Pour les forces russes, l'entrée dans les tunnels est "impossible", a confirmé Alexander Grinberg, analyste au Jerusalem Institute for Security and Strategy (JISS). Elles "peuvent essayer de le faire, mais elles seront massacrées parce que les défenseurs des tunnels ont l'avantage tactique absolu". Même une "attaque nucléaire" ne pourrait pas détruire les lieux, a estimé à la télévision russe Yan Gagin, un conseiller russe dans la région séparatiste de Donetsk, rapporte le Telegraph (article en anglais).
Que changerait militairement la prise de cette vaste usine pour l'armée russe ?

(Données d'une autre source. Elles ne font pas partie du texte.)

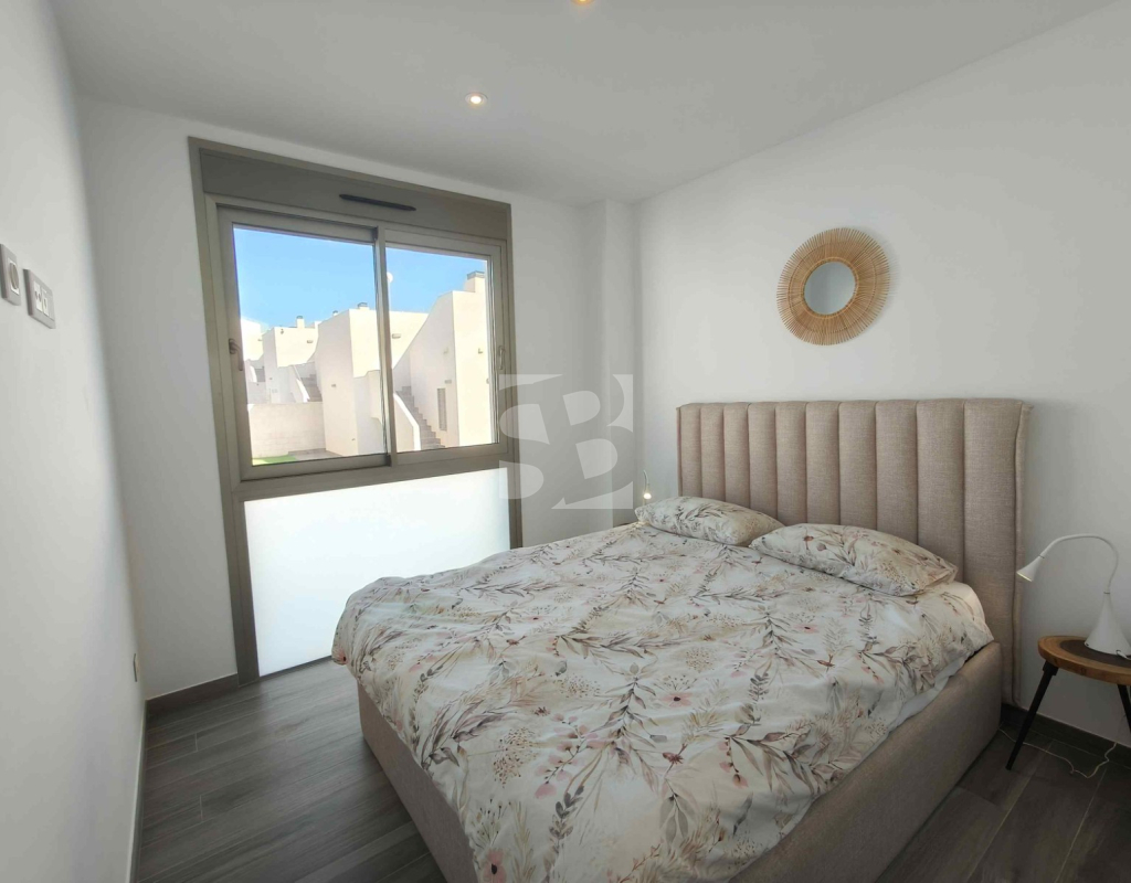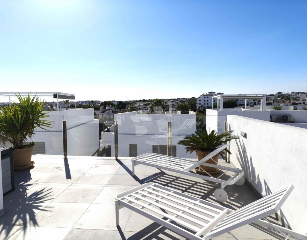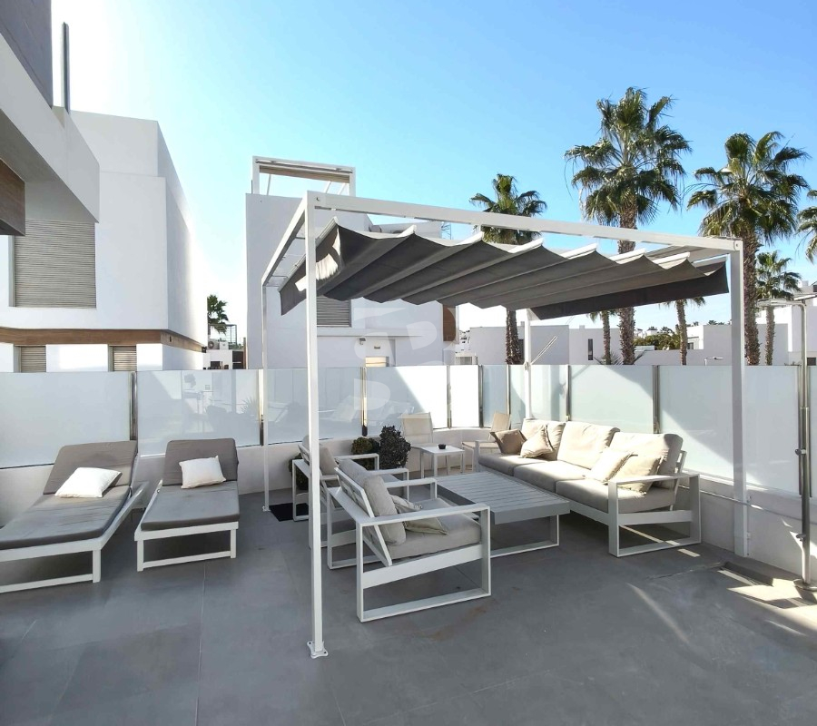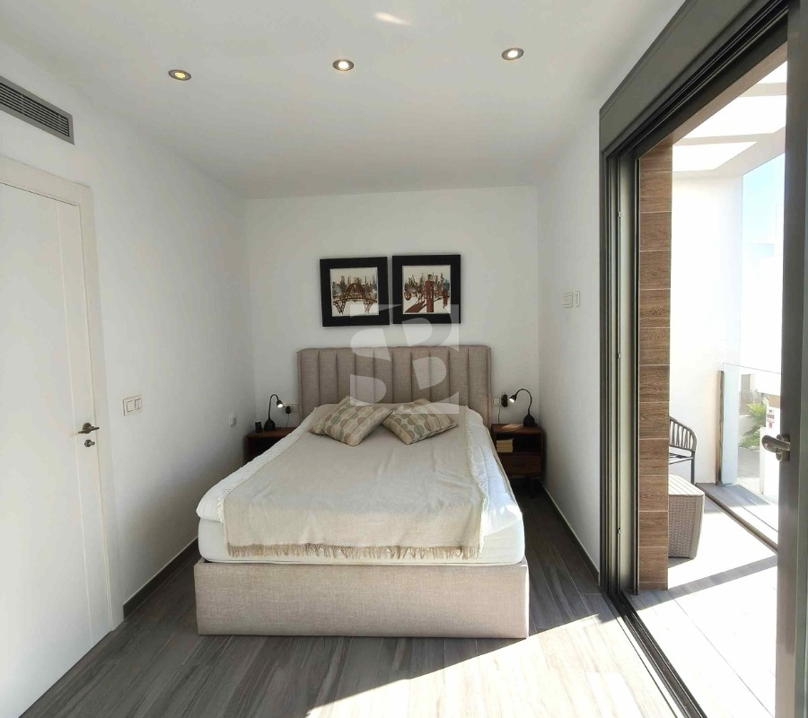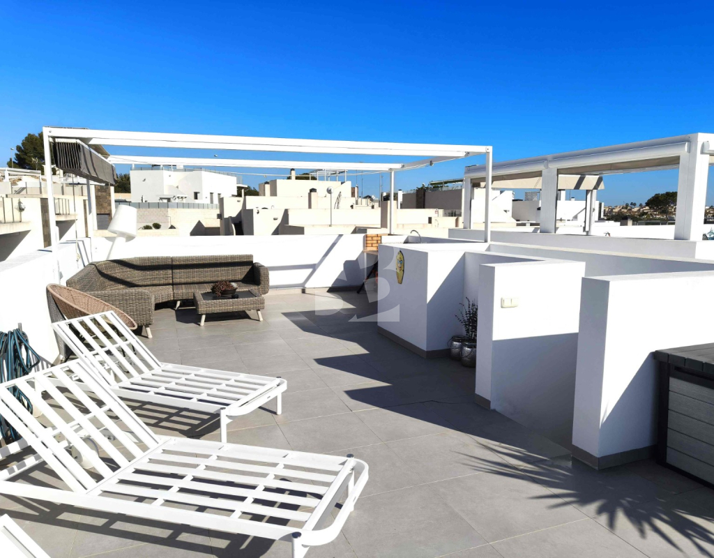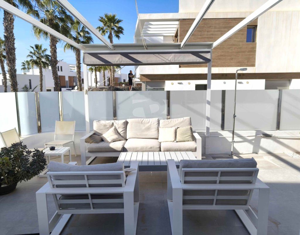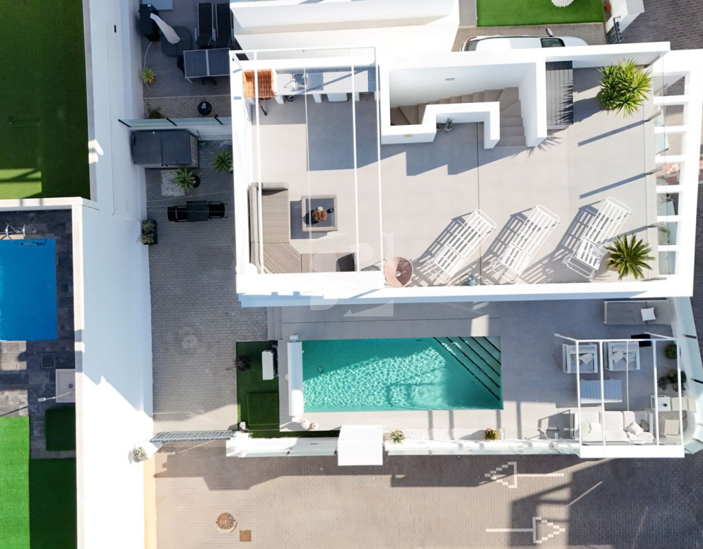 Ofrecemos esta preciosa vivienda en VILLAMARTÍN-ORIHUELA COSTA orientado al sur-este aprox. 195 m2 construidos de vivienda parcela de aprox. 300 m2 acceso para el coche a la parcela vivienda construida en 2019 consta de planta baja salón cocina completa con electrodomésticos 1 dormitorio en planta con acceso directo a piscina baño completo con ventana trastero y zona de lavadero.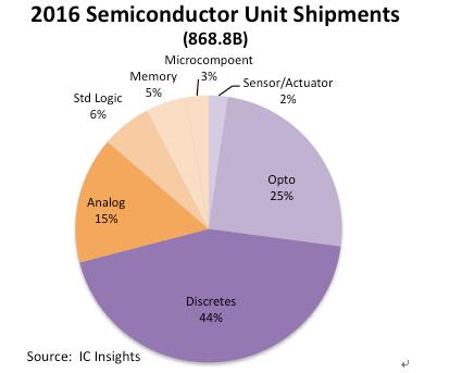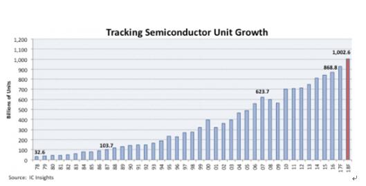 IC Insights透露,全球半导体(包括光电器件、集成电路、分立器件与传感器)出货量将持续稳定上升,并希望在2018年第一次达到年出货量超过1万亿颗的目标。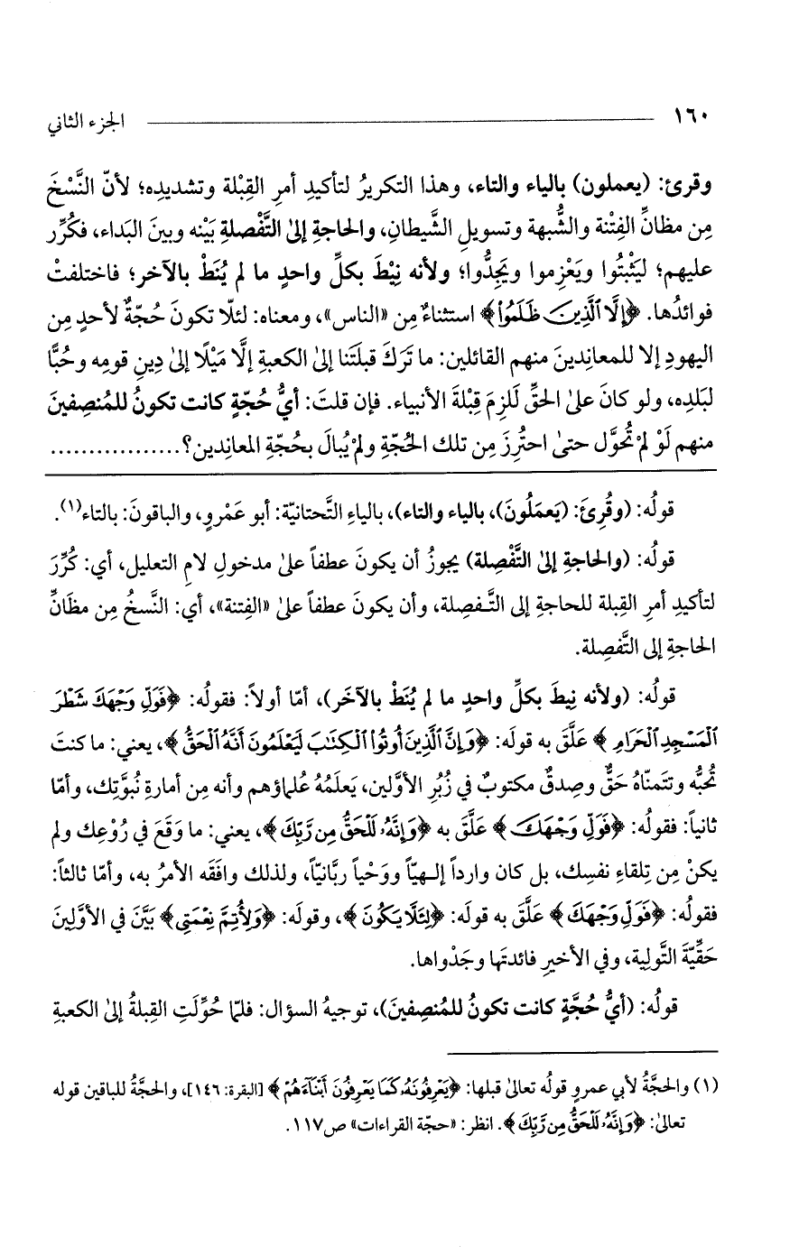 وقرئ: (يعملون) بالياء والتاء، وهذا التكرير لتأكيد أمر القبلة وتشديده؛ لأن النسخ من مظان الفتنة والشبهة وتسويل الشيطان، والحاجة على التفصلة بينه وبين البداء، فكرر عليهم؛ ليثبتوا ويعزموا ويجدوا؛ ولأنه نيط بكل واحد ما لم ينط بالآخر؛ فاختلفت فوائدها. (إِلاَّ الَّذِينَ ظَلَمُوا) استثناء من "الناس"، ومعناه: لئلا تكون حجة لأحد من اليهود إلا للمعاندين منهم القائلين: ما ترك قبلتنا إلى الكعبة إلا ميلاً إلى دين قومه وحباً لبلده، ولو كان على الحق للزم قبلة الأنبياء. فإن قلت: أي حجة كانت تكون للمنصفين منهم لو لم تحول حتى احترز من تلك الحجة ولم يبال بحجة المعاندين؟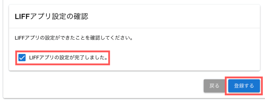④LIFFアプリの設定ができたらトークラベルの画面に戻りチェックボックスにチェックを入れて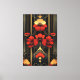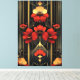 Experimente el audaz drama Art Deco con este patrón único. Una forma geométrica central de oro irradia hacia arriba y hacia afuera, ramificándose en tres secciones distintas, cada una con flores rojas y oro Art Deco vibrantes. Una flor rojiza y dorada llamativa se encuentra también en el corazón de este motivo radiante central, con elementos florales similares que adornan ambas esquinas del fondo. Las líneas doradas rectas se elevan a la parte superior, mejorando la estructura dinámica frente a una sofisticada mezcla de negro y gris en el fondo. Este diseño es una mezcla cautivadora de inspiración natural y geometría Art Deco icónica, perfecta para hacer una declaración glamurosa.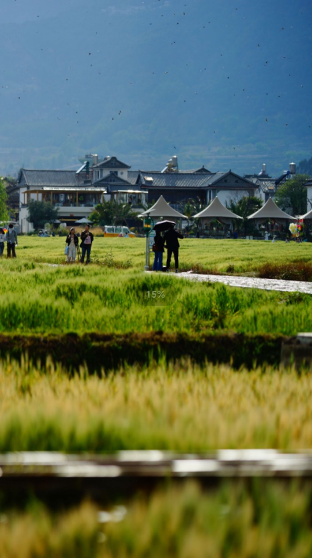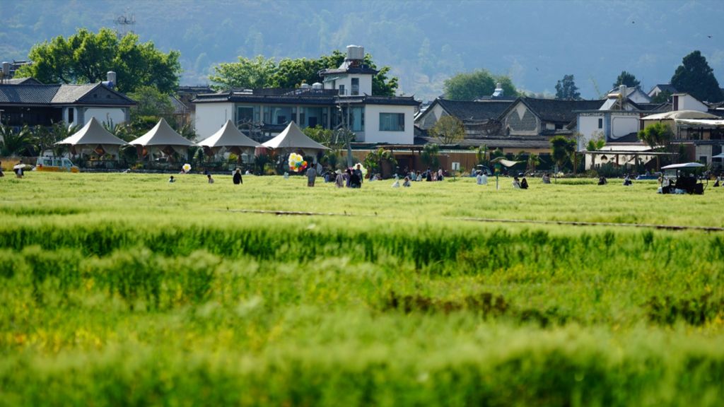 青瓦白墙的民居院落掩映在大片稻田中,在蓝天白云及喜林苑土红色围墙的映衬下,田园风情宛如一幅油画;古镇里,沿街摆开的扎染小铺、飘着香气的喜洲粑粑,又为这里增添了许多生活气息——当采风团队一行来到喜洲古镇,瞬间被这里的历史与文化气息治愈。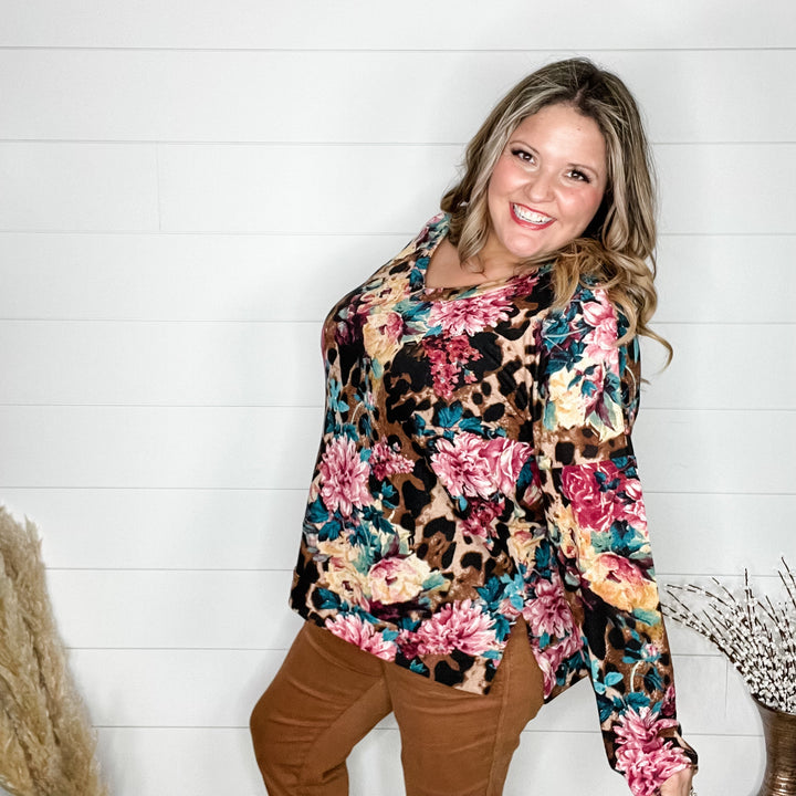 "Up To You" Ribbed Henley Style with Floral Long Sleeves (Charcoal)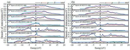 This investigation employed partial density of states (PDOS) analysis to examine the electronic characteristics of the Al(111)/CrB2(0001) interface, providing insights into interfacial bonding mechanisms and charge transfer phenomena. Figure 6 presents the PDOS distributions for HCP-stacked interfaces with Cr- and B-terminations, where the Fermi level is marked by a vertical dashed line. Specifically, Figure 6a depicts the density of states (DOS) corresponding to Al-2p orbitals in the outermost Al(111) layer and Cr-3d orbitals in the surface layer of CrB2(0001). These states exhibit unique features distinct from bulk atoms, revealing hybridization between Al-2p and Cr-3d orbitals. Particularly, near the Fermi level, the PDOS of Cr-3d orbitals in the third CrB2(0001) layer shows a pronounced peak with substantially greater intensity compared to interior Cr atoms. This finding, along with the charge density differences presented in Figure 6a, indicates that the Cr-HCP-Al interface exhibits electronic properties consistent with metallic bonding characteristics.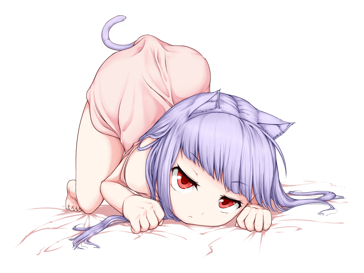 1girlanimal earsbarefootcat earscat girlcat tailclosed mouthdressfull bodykemonomimi modelong hairlooking at viewerpink dresspurple hairred eyessimple backgroundsleevelesssleeveless dresssolotailtop-down bottom-upwhite background

La prise totale de ce site, et plus globalement de la ville de Marioupol, permettrait aux soldats russes de faire "la jonction complète entre le Donbass, où ils sont désormais massés, et la Crimée que le Kremlin a annexée en 2014", explique Carole Grimaud-Potter. Cet immense couloir serait alors "entièrement à leur avantage". "Cela leur permettrait de mieux se déplacer, d'apporter des équipements, des troupes entre la frontière russe à l'est et jusqu'à la ville de Kershon." La mer d'Azov, de fait, "deviendrait russe".
Jeudi, le maître du Kremlin a aussi une nouvelle fois appelé les combattants ukrainiens à la reddition, en leur promettant qu'ils auraient "la vie sauve" et qu'ils seraient "traités avec dignité". Mais la proposition a été rejetée : "Nous nous battrons jusqu'à la dernière goutte de notre sang", a promis le commandant ukrainien.